Ceiling in a sorted array
Last Updated :
10 Feb, 2023
Given a sorted array and a value x, the ceiling of x is the smallest element in an array greater than or equal to x, and the floor is the greatest element smaller than or equal to x. Assume that the array is sorted in non-decreasing order. Write efficient functions to find the floor and ceiling of x.
Examples :
For example, let the input array be {1, 2, 8, 10, 10, 12, 19}
For x = 0: floor doesn't exist in array, ceil = 1
For x = 1: floor = 1, ceil = 1
For x = 5: floor = 2, ceil = 8
For x = 20: floor = 19, ceil doesn't exist in array
In the below methods, we have implemented only ceiling search functions.
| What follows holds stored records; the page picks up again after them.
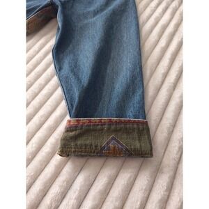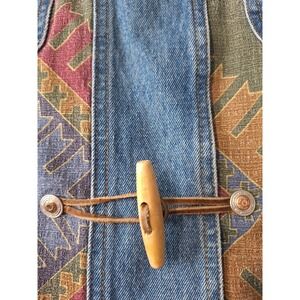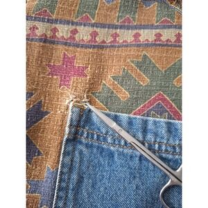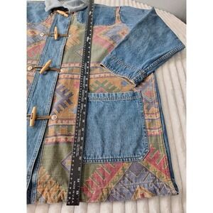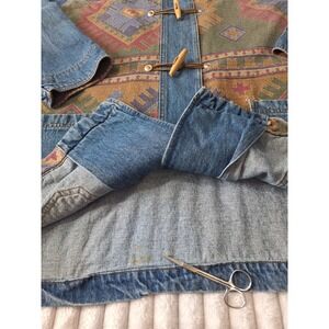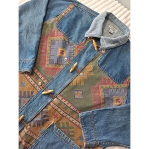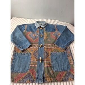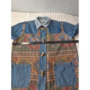 Vtg Denim Corduroy Collar Chore Barn Field Jacket Womens 26/28 Blue Aztec Tribal
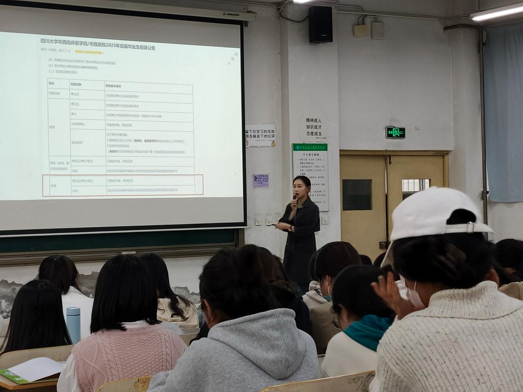 接下来由关叶桐老师向同学们分享了自己的考研经历,告诉同学们考研要有目的,考研要有持之以恒的决心及毅力,坚持才能收获成功。之后齐亚楠老师针对康复治疗学专业,分析了专业课考试主要内容并根据不同的报考方向推荐了相关的书籍,并鼓励同学们大胆尝试。
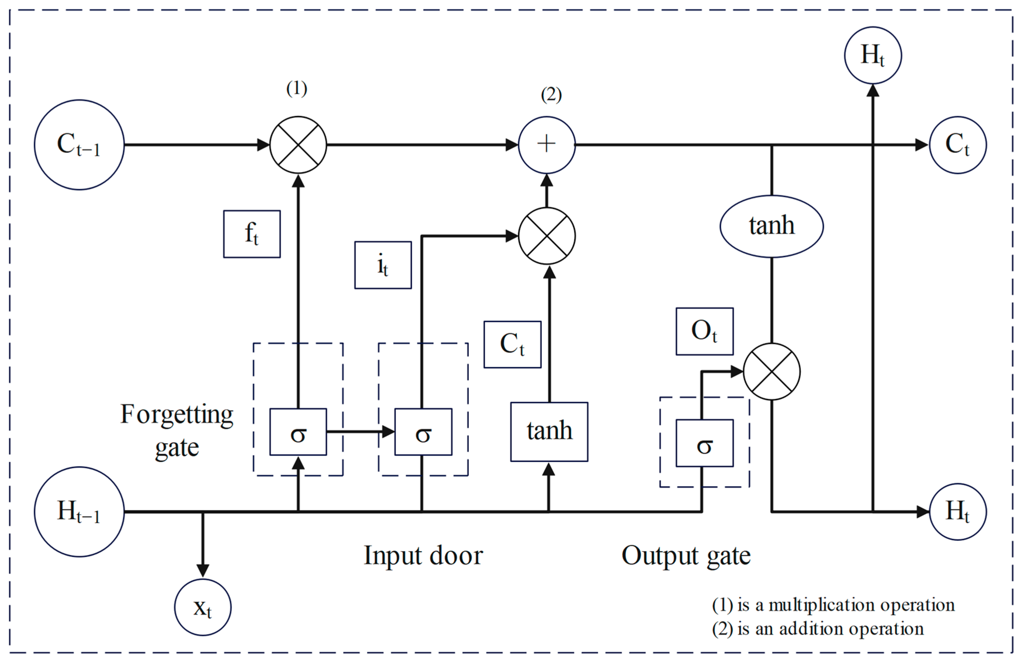 The LSTM model consists of multiple LSTM units connected chronologically, short-term memory is transmitted through the hidden layer of neighboring units, and long-term memory is transmitted through the network in chronological order. LSTM ensures information transmission through linear operation. The complete LSTM has three control units, input gate, output gate and forget gate, which are responsible for removing redundancy, updating data and transferring information downward (Cao et al., 2024 [
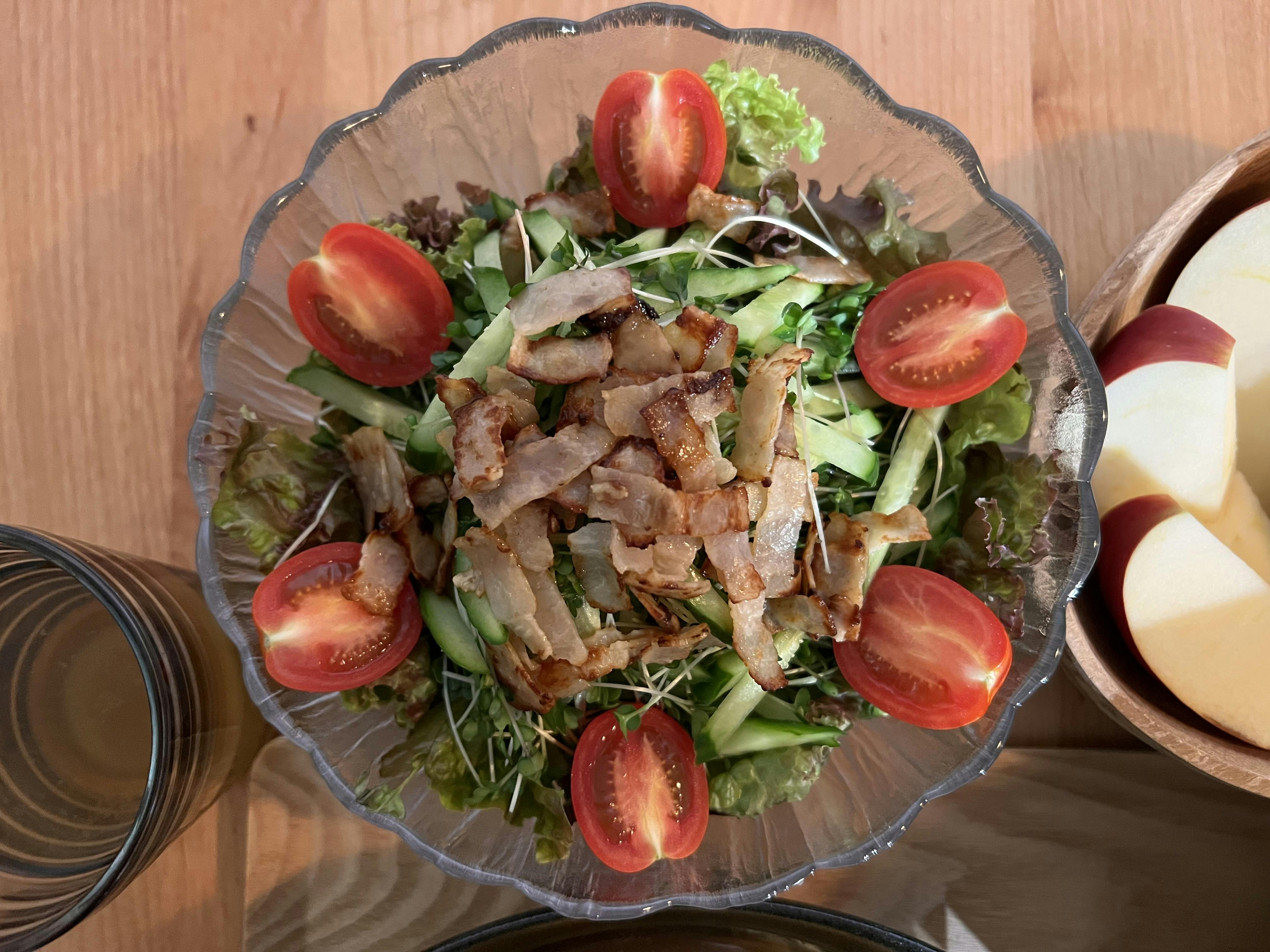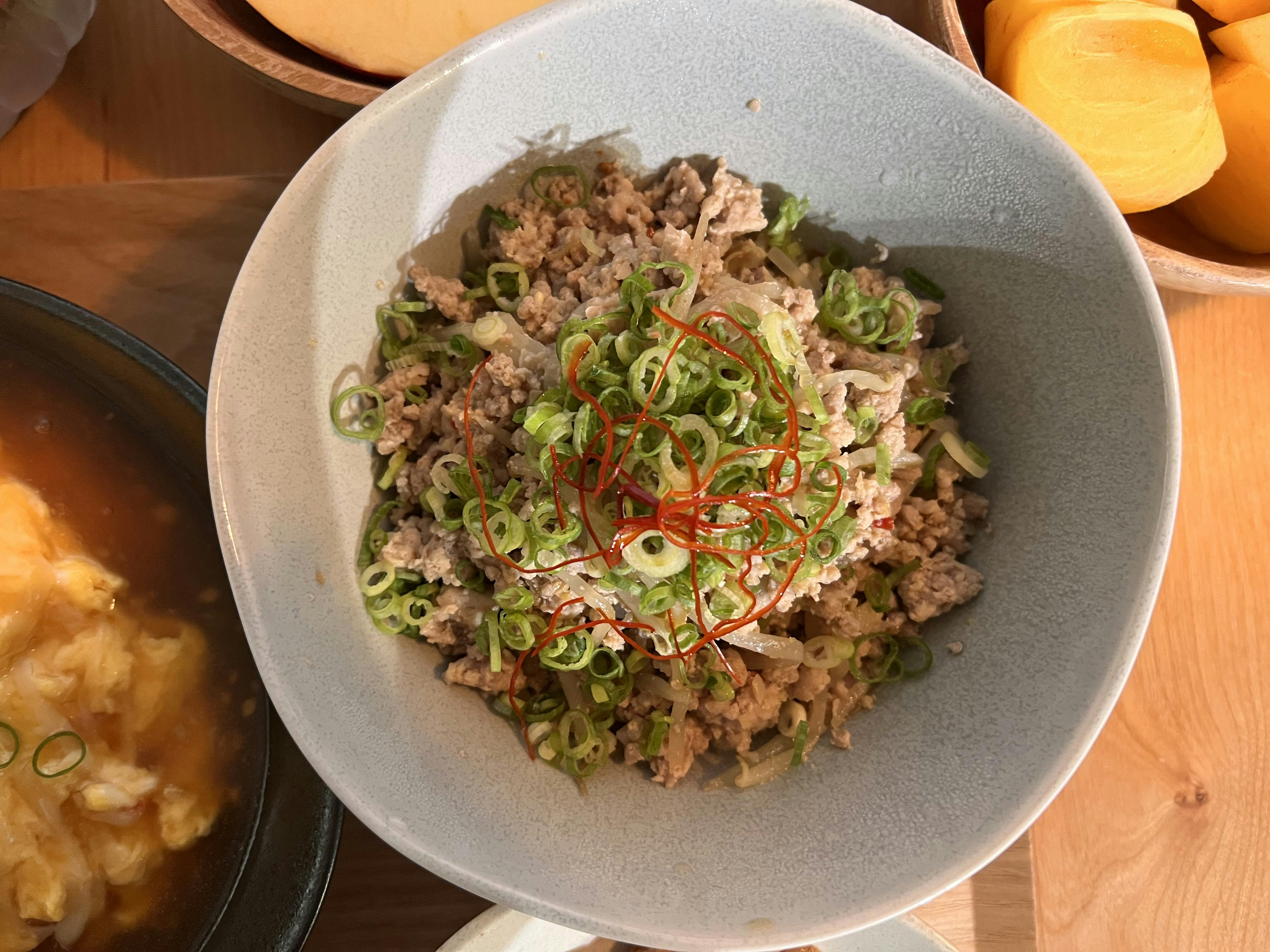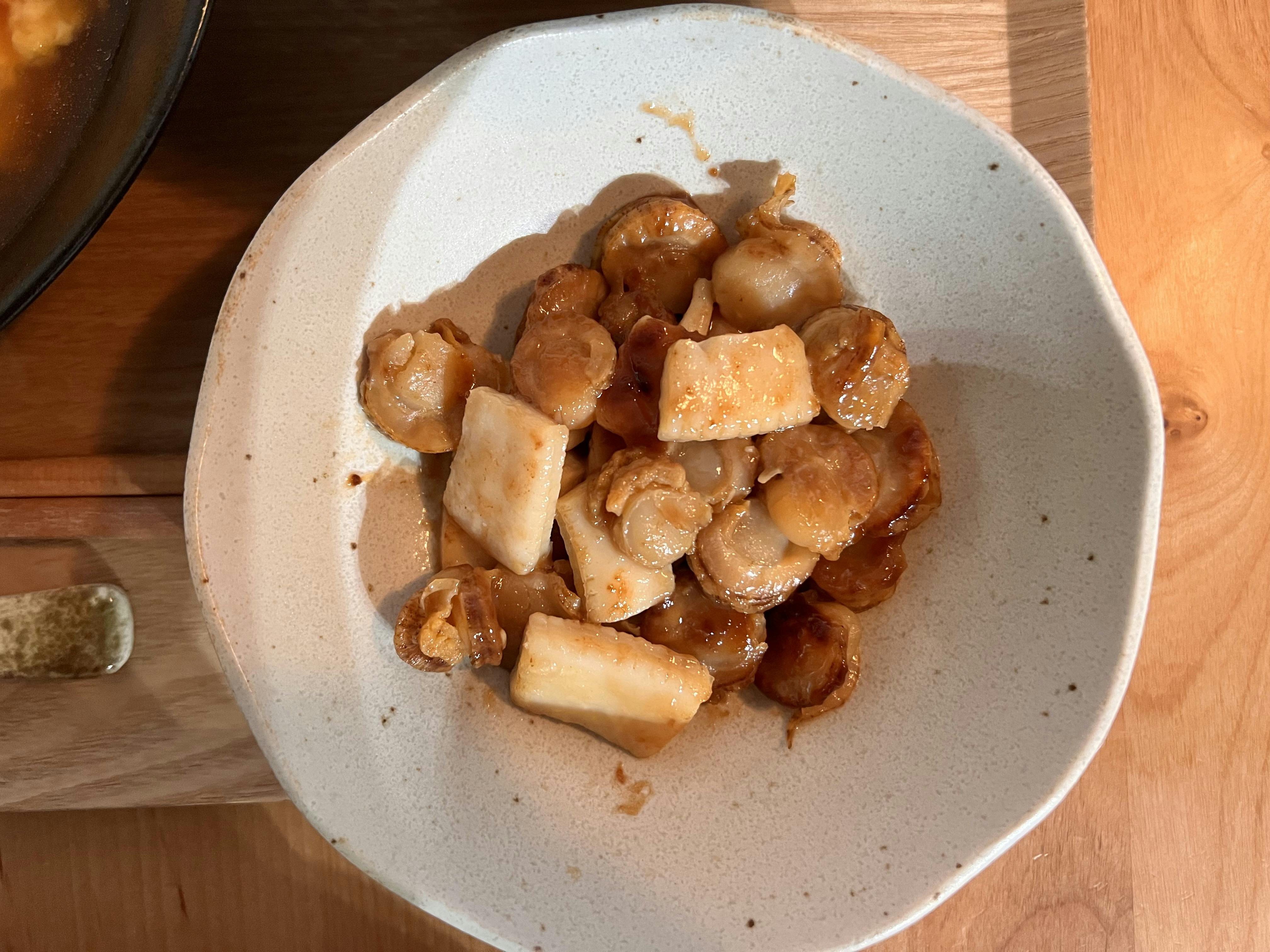 🥚🦀🇨🇳 𖧵ふわとろ天津飯 𖧵ベーコンとスプラウトのサラダ 𖧵いかとほたてのバター醤油焼き 𖧵麻婆もやし 𖧵りんご 𖧵柿 :

Floor search can be implemented in the same way.
Method 1 (Linear Search)
Algorithm to search ceiling of x:
- If x is smaller than or equal to the first element in the array then return 0(index of the first element).
- Else linearly search for an index i such that x lies between arr[i] and arr[i+1].
- If we do not find an index i in step 2, then return -1.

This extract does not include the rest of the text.